## [ASSIGNED TASK]
All that is wanted is the exact text of the lines below from the one with "A blue Nano" through the one with "- Arbeitsspeicher (RAM): 2x", inclusive, minus any pictures.

## [TASK MATERIAL]
= Beginning of Section =
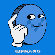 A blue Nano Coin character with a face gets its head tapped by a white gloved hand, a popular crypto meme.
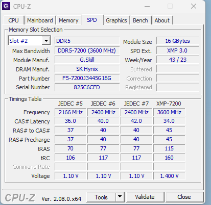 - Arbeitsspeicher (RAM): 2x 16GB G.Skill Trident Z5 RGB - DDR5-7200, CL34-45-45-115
= End of Section =
= Beginning of Section =
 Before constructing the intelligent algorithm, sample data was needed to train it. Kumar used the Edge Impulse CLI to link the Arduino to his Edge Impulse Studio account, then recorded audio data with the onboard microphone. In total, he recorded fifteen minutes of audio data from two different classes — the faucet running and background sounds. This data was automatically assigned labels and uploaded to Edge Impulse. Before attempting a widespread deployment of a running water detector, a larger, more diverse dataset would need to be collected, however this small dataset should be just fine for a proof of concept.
= End of Section =
= Beginning of Section =
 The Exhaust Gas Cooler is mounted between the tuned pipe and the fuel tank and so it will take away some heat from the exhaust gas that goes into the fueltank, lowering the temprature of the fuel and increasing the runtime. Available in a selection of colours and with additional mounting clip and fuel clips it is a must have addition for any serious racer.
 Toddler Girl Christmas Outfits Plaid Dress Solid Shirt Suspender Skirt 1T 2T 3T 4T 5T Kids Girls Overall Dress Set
= End of Section =
## [TASK RESULT]
 A blue Nano Coin character with a face gets its head tapped by a white gloved hand, a popular crypto meme.
 - Arbeitsspeicher (RAM): 2x 16GB G.Skill Trident Z5 RGB - DDR5-7200, CL34-45-45-115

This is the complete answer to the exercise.